Lung cancer is the leading cause of death among those afflicted with malignancies in the United States. Surgical resection is the primary treatment for the most common (70%; ref. 1), non–small cell variant of lung cancer (NSCLC), but the cure rate remains disappointing. Even for those in the earliest stage of the disease (stage IA; ref. 2), the 5-year survival rate is only 73% (2). Although most studies have not shown any significant benefit from adjuvant therapies for early-stage lung cancer (3), molecular biological investigations are under way to supplement clinical and pathologic observations identify cases with a bad prognosis so as to administer therapy only to patients at a high risk of recurrence (4).

MicroRNAs (miRNA) are small noncoding RNAs that regulate protein expression. The miRBase miRNA registry (13.0; ref. 5) includes 885 human miRNAs.
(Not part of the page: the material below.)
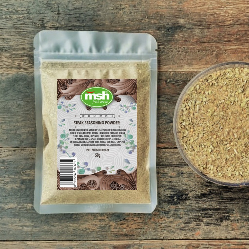 Steak Seasoning Powder adalah bubuk bumbu untuk membuat steak yang diracik khusus dari rempah-rempah pilihan, sehingga menghasilkan rasa steak yang nikmat dan khas. Bumbu ini merupakan simplisia kering murni yang diolah dan dikemas secara higienis.

Alterations in miRNA expression have been seen in several forms of cancer, including those of the lung (6). Three previous studies have suggested that miRNA profiling can be used for prognostication in lung cancer (68).

The expression of 752 miRNAs in cancer tissue resected from 77 cases of stage I NSCLC was examined in this study. A comparison between the groups of cases that had recurrence after surgery and those that did not shows that the two case groups have distinct miRNA expression profiles. That miRNA expression can be used to predict recurrence is shown using two different classifier methods in leave-one-out and Monte Carlo cross-validation analyses.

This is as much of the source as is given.